Once it is established that the bug tracking system is a system for measuring attributes, the next step is to examine the concepts of accuracy and accuracy that relate to the situation. First, it helps to understand that accuracy and precision are terms borrowed from the world of continuous (or variable) gags. For example, it is desirable that the speedometer in a car can carefully read the right speed over a range of speeds (z.B. 25 mph, 40 mph, 55 mph and 70 mph), regardless of the drive. The absence of distortion over a range of values over time can generally be described as accuracy (Bias can be considered wrong on average). The ability of different people to interpret and reconcile the same value of salary multiple times is called accuracy (and accuracy problems may be due to a payment problem, not necessarily to the people who use it). The process of understanding the defect, choosing and assigning the appropriate code for the defect, identifying and recording the error, and perhaps even assigning a degree of severity to that defect are steps that must occur in a bug measurement system. o Better understanding the conduct of the analysis If the test is planned and designed effectively, it can reveal enough information about the causes of the accuracy problems to justify a decision not to use the attribute analysis. In cases where the trial does not provide sufficient information, the analysis of the attribute agreement allows for a more detailed review to inform the introduction of training changes and error correction in the measurement system. Analytically, this technique is a wonderful idea. But in practice, the technique can be difficult to execute judiciously. First, there is always the question of sample size.
For attribute data, relatively large samples are required to be able to calculate percentages with relatively low confidence intervals. If an expert looks at 50 different error scenarios – twice – and the match rate is 96 percent (48 votes vs. 50), the 95 percent confidence interval ranges from 86.29% to 99.51 percent. It is a fairly large margin of error, especially in terms of the challenge of choosing the scenarios, checking them in depth, making sure the value of the master is assigned, and then convincing the examiner to do the job – twice. If the number of scenarios is increased to 100, the 95 per cent confidence interval for a 96 per cent match rate will be reduced to a range of 90.1 to 98.9 per cent (Figure 2). Yes, for example. B Repeatability is the main problem, evaluators are disoriented or undecided by certain criteria. When it comes to reproducibility, evaluators have strong opinions on certain conditions, but these opinions differ. If the problems are highlighted by several assessors, the problems are naturally systemic or procedural.

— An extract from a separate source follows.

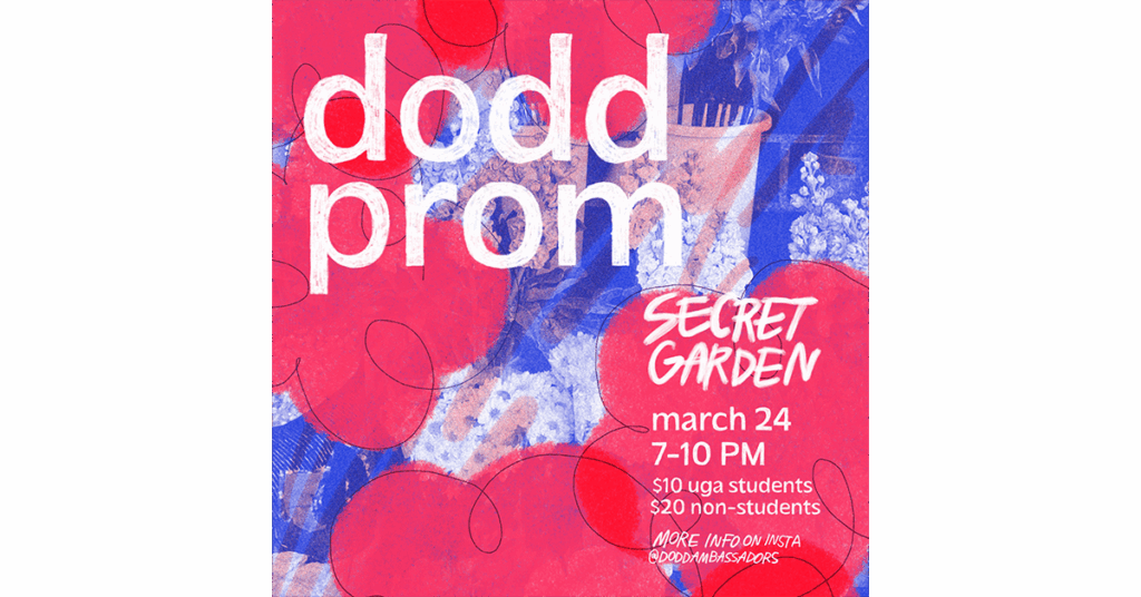 The first ever Dodd Prom is happening on Friday, March 24th from 7-10 PM! The Dodd Ambassadors are excited to host this event in the first floor atrium and courtyard of the main building of the Lamar Dodd School of Art on 270 River Road. Come dressed in formal attire and dance the night away with friends and enjoy a mocktail bar. Buy your tickets at the door with cash or Venmo.

If the problems only concern a few assessors, then the problems might simply require a little personal attention. In both cases, training or work aids could be tailored to either specific individuals or all evaluators, depending on the number of evaluators who were guilty of imprecise attribution of attributes. Repeatability and reproducibility are components of accuracy in an analysis of the attribute measurement system, and it is advisable to first determine if there is a precision problem. This means that before designing an attribute contract analysis and selecting the appropriate scenarios, an analyst should urgently consider monitoring the database to determine if past events have been properly coded. Like any measurement system, the accuracy and accuracy of the database must be understood before the information is used (or at least during use) to make decisions.